Distributed Data Management

Database systems have been addressing the challenges of distributed computing from the very early days. The distributed computing environment has changed significantly over the years. Client/server systems are still prevalent, but cluster-based parallel environments and very wide-scale distributed systems have become prevalent spurned by the expansion of Internet (in particular the peer-to-peer (P2P) systems). Our group focuses on a number of topics that arise in managing data in each of these environments.

One project focuses on building scalable database systems using replication. To scale a system up, data are replicated and the growing workload is distributed over the replicas. However, unless the replicas are somehow synchronized, applications may not see a consistent view of the database, or they may see a stale view. Ideally, the replicas should be synchronized so that, from the point of view of the database application programs, the database system behaves as if there is only one copy of the database. This spares the applications from having to handle problems associated with inconsistent or stale data. One kind of problem that can occur is a transaction inversion. An inversion means that two transactions appear to have executed in the wrong order because the later transaction "sees" a stale replicas. Unfortunately, the illusion of a single fresh database copy can be very expensive to maintain. Thus, the challenge is to provide a single-copy illusion to the applications without losing the scalability that motivated the replication in the first place.

Our approach to the replica synchronization problem is based on the notion of application sessions, which are sequences of related database requests. For example, in a web services environment, a session might include all of the database requests that result from a single customer's use of the service. Our approach provides strong consistency and freshness guarantees within a session, but weaker guarantees across sessions. In particular, our approach ensures that inversions will never occur among the transactions in any given session. However, they may occur among transactions from different sessions. This flexibility allows the database system to provide useful guarantees to the applications while still ensuring that the system can scale.

We have developed several session-based versions of serializability, snapshot isolation, and other standard and widely used correctness criteria for concurrent access to databases. We have also developed and a collection of synchronization and concurrency control protocols that guarantee these criteria ([1], [2], [3] ).

A second project studies methods to optimize database client/server interactions. Relational database applications establish database server connections through which they issue streams of query and update requests and fetch the results of those requests. Most work on database query optimization focuses on optimizing the processing of individual requests at the database server. In contrast, we focus on optimizing the stream of client/server interactions that occurs over a connection. While it is common practice to hand-tune application programs to optimize their request streams, our approach optimizes automatically. Furthermore, optimization is transparent to the application program.

It is common for application request streams to include many small requests. For each request, there is significant latency and overhead associated with the client/server interconnection network and the layers of system interface and communications software at both ends of the connection. The overhead can be significant, in many cases dominating the total cost of the application request. Our optimization technique improves client/server performance by reducing this overhead. Specifically, we have developed a technique called semantic prefetching, which works by combining many small application database queries into fewer, larger queries ([4], [5]). This improves performance by reducing latency and per-request overhead. Semantic prefetching can be implemented in an optimizer that is external to the application and external to the DBMS. In this way, application performance can be tuned automatically to different environments, without changing the application code.

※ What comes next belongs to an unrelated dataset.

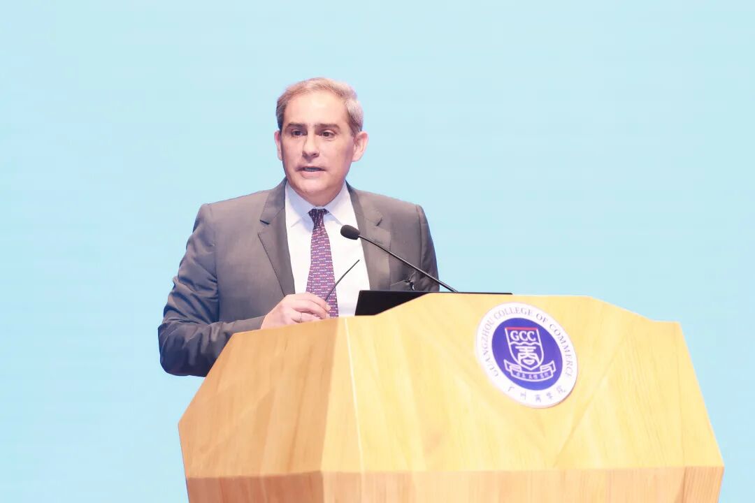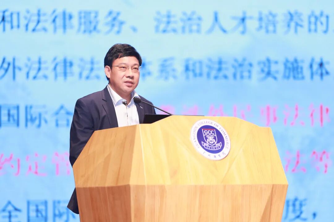 学校党委副书记、纪委书记、常务副校长何柏略在致辞中代表学校向各位嘉宾的到来表示热烈欢迎,向长期以来关心支持广商发展的各位领导、朋友们表示衷心感谢。他简要介绍了学校的发展历程、办学成果、法学院学科专业建设和涉外法治人才培养等情况。

Our stream optimizer is located between a client application and the database server. It works by monitoring the stream of requests that is issued by the client, as well as the responses that are supplied by the server. As it monitors requests, the stream optimizer learns to identify recurring patterns in the stream. For example, one type of pattern is sequence of correlated queries. Once it has detected a pattern, the stream optimizer considers whether it can combine the requests in that pattern into a single, larger query. It uses a cost model to estimate whether this large query will be less expensive to execute than the original query pattern that was issued by the application. If the revision appears to be effective, the optimizer records it in a pattern rewrite database for future use.

As the optimizer continues to monitor the application's requests, it may observe a series of requests that appear to match the beginning of a pattern for which the optimizer has identified an optimized rewrite. When this occurs, the optimizer issues the larger optimized query to the server in anticipation of the application's future requests. In effect, this query efficiently prefetches the results of the sequence of queries that the optimizer expects the application to issue. If the application behaves as expected, the optimizer uses the prefetched results to provide results for the application's queries. In this case, there is no need to send the application's queries to the server. If the application does not behave as predicted, the optimizer can simply ignore the prefetched results and instead forward the application's actual queries to the server. In this case, the prefetch represents wasted work. However, the application will always receive correct query results.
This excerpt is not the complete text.